← Return to search results
Back to Prindle Institute

When Is Fair Use “Fair” for AI (and When Is It “Use”)?

The Internet Archive recently lost a high-profile case. Here’s what happened: the Open Library, a project run by the Internet Archive, uploaded digitized versions of books that it owned, and loaned them out to users online. This practice was found to violate copyright law, however, since the Internet Archive failed to procure the appropriate licenses for distributing e-books online. While the Internet Archive argued that its distribution of digital scans of copyrighted works constituted “fair use,” the judge in the case was not convinced.

While many have lamented the court’s decision, others have wondered about the potential consequences for another set of high-profile fair use cases: those concerning AI models training on copyrighted works. Numerous copyright infringement cases have been brought against AI companies, including a class-action lawsuit brought against Meta for training their chatbot using authors’ books without their permission, and a lawsuit from record labels against AI music-generating programs that train on copyrighted works of music.

Like the Internet Archive, AI companies have also claimed that their use of copyrighted materials constitutes “fair use.” These companies, however, have a potentially novel way to approach their legal challenges. While many fair use cases center around whether the use of copyrighted materials is “fair,” some newer arguments involving AI are more concerned with a different kind of “use.”

“Fair use” is a legal concept that attempts to balance the rights of copyright holders with the ability of others to use those works to create something new. Quintessential cases in which it is generally considered “fair” when someone uses copyrighted materials include criticism, satire, educational purposes, or other ways that are considered “transformative,” such as in the creation of art. These conditions have limits, though, and lawsuits are often fought in the gray areas, especially when it is argued that the use of the material will adversely affect the market for the original work.

For example, in the court’s decision against the Internet Archive, the judge argued that uploading digital copies of books failed to be “transformative” in any meaningful sense and that doing so would likely be to the detriment of the original authors – in other words, if someone can just borrow a digital copy, they are less likely to buy a copy of the book. It’s not clear how strong this economic argument is; regardless, some commentators have argued that with libraries in America facing challenges in the form of budget cuts, political censorship, and aggressive licensing agreements from publishers, there is a real need for the existence of projects like the Open Library.

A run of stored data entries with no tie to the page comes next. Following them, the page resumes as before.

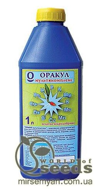 ОРАКУЛ® мультикомплекс – це комплексне універсальне рідке добриво для позакореневого підживлення польових, овочевих, плодових, ягідних, декоративних культур, лугових та газонних трав. Препарат забезпечує рослини основними поживними речовинами, необхідними для оптимального зростання та розвитку. До складу мікродобрива входять макро- та мікроелементи в хелатних та інших легкодоступних формах, що сприймаються рослинами як частина власної структури. Хелатуючим агентом виступає етидронова кислота, яка регулює рух води та зменшує утворення нерозчинних сполук у клітинах рослин. Вона створює високостійкі хелати з металами, а при їх розкладанні утворюються легкозасвоювані рослинами сполуки. Етидронова кислота – органічна сполука, до складу якої входить легкодоступний розчинний фосфор. Це виключає утворення водонерозчинних фосфатів металів. Азот у добриві представлений відновленими формами у вигляді аміду та амонію. Ці форми легко проникають крізь епідерміс клітини, затягуючи у себе інші елементи живлення, що у розчині. Залізо в препараті знаходиться у фізіологічно вивіреному співвідношенні Fe(II)/Fe(III), що дозволяє активізувати окисно-відновні перетворення. Застосовується разом із пестицидами, стимуляторами зростання, розчинами мінеральних добрив із широким інтервалом рН. Склад мікродобрива дозволяє проводити обробки при температурі повітря нижче +5 °С. Мікродобрива ОРАКУЛ® мультикомплекс містить пом'якшувач води, тому використання будь-яких пестицидів у жорсткій воді (підвищений вміст солей Ca2+ та Mg2+) разом із ОРАКУЛ® мультикомплекс не знижує їх ефективності. Солі жорсткості надійно зв'язуються компонентом препарату, не викликаючи помутніння робочого розчину; повністю ліквідується небезпека утворення сульфату кальцію (гіпсу), який може призвести до виходу з ладу обприскувачів. Обробки необхідно проводити розчином, підготовленим безпосередньо перед застосуванням. ОРАКУЛ® мультикомплекс має сильний фізіологічний вплив на рослини, який: компенсує нестачу поживних речовин у період несприятливих умов зростання, коли потреби рослин перевищують поглинаючу здатність кореневої системи; посилює засвоєння рослинами поживних речовин із ґрунту; підвищує стійкість рослин до хвороб та стресових ситуацій на 30%; сприяє підвищенню врожайності культур на 15-27% та покращує якість продукції.
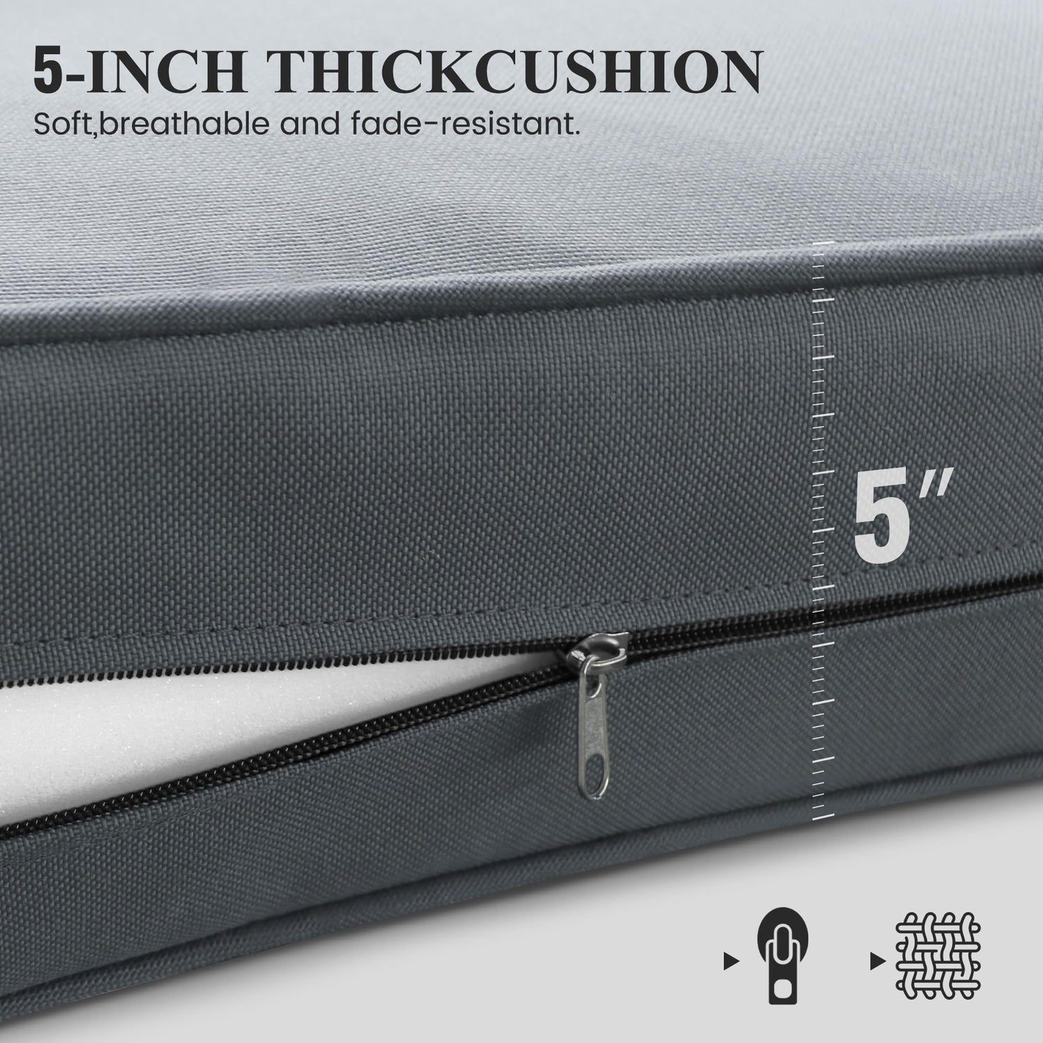 - 5 INCH SUPER CUSHION: Our metal patio furniture set 5-inch thick sofa cushion used high-density sponge is softer and breathable, has rebound force, which is not easy to collapse or deform. Olefin cover material is waterproofing and easy to clean. The removable cushion covers with zipper design makes cleaning convenient.
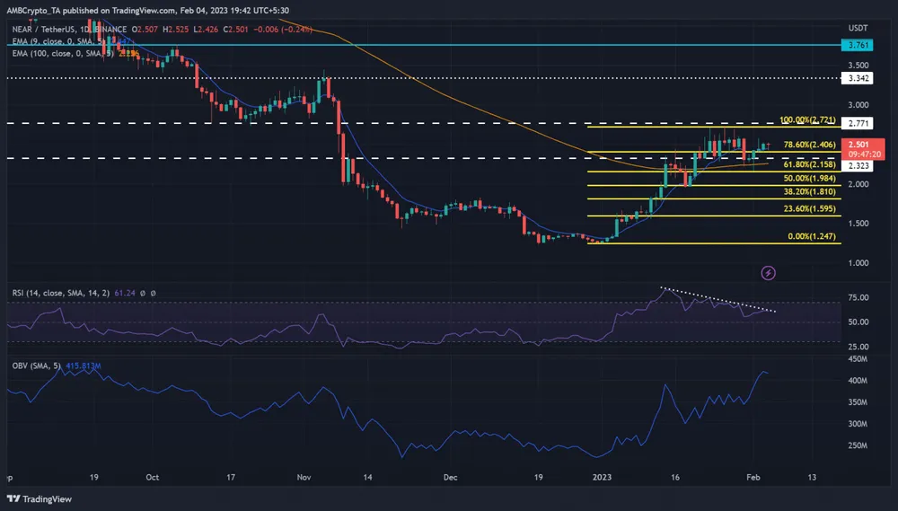 Biểu đồ hàng ngày cho thấy NEAR tăng giá trước đợt phục hồi thành công vào tháng 1 nhưng phải đối mặt với rủi ro từ chối ở mức kháng cự ngay phía trước là 2,721 USD. Tuy nhiên, hành động giá tăng ngược lại với Chỉ số sức mạnh tương đối (RSI) của nó.
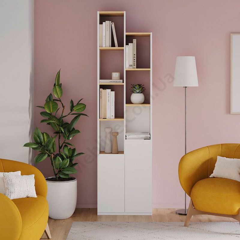 Стелаж з відкритими поличками та дверцятами.

While “fair use” is a legal concept, there is also a moral dimension to the ways that we might think it acceptable to use the work of others. The case of the Internet Archive arguably shows how these concepts can come apart: while the existing law in the U.S. seems to not be on the side of the Open Library, morally speaking there is certainly a case to be made that people are worse off for not having access to its services.

AI companies have been particularly interested in recent fair use lawsuits, as their programs train on large sets of data, much of which is used without permission or a licensing agreement from the creators. While companies have argued that their use of these data constitutes fair use, some plaintiffs have argued they violate fair use law, both in terms of not being sufficiently transformative, and in terms of competing with the original copyright holder.

For example, some music labels have argued that music-generating AI programs often produce content that is extremely similar, or in some cases identical to existing music. In one case, an AI music generator reproduced artist Jason Derulo’s signature tag (i.e., that time when he says his name in his songs so you know it’s by him), a clear indication that the program was copying an existing song.

Again, we can look at the issue of fair use from both a legal and moral standpoint. Legally, it seems clear that when an AI program produces text verbatim from its source, it is not being transformative in any meaningful way. Many have also raised moral concerns around the way that AI programs use artistic materials, both around work being used without permission, as well as in ways that they specifically object to.

But there is an argument from AI defenders around fair use that has less to do with what is “fair” and how copyrighted information is “used”: namely, that AI programs “use” content they find online in the same way that a person does.

Here is how such an argument might go:

-There is nothing morally or legally impermissible about a person reading a lot of content, watching a lot of videos, or listening to a lot of music online, and then using that information as knowledge or inspiration when creating new works. This is simply how people learn and create new things.

-There is nothing specifically morally or legally significant about a person profiting off of the creations that result from what they’ve learned.

-There is nothing morally or legally significant about the quantity of information one consumes or how fast one consumes it.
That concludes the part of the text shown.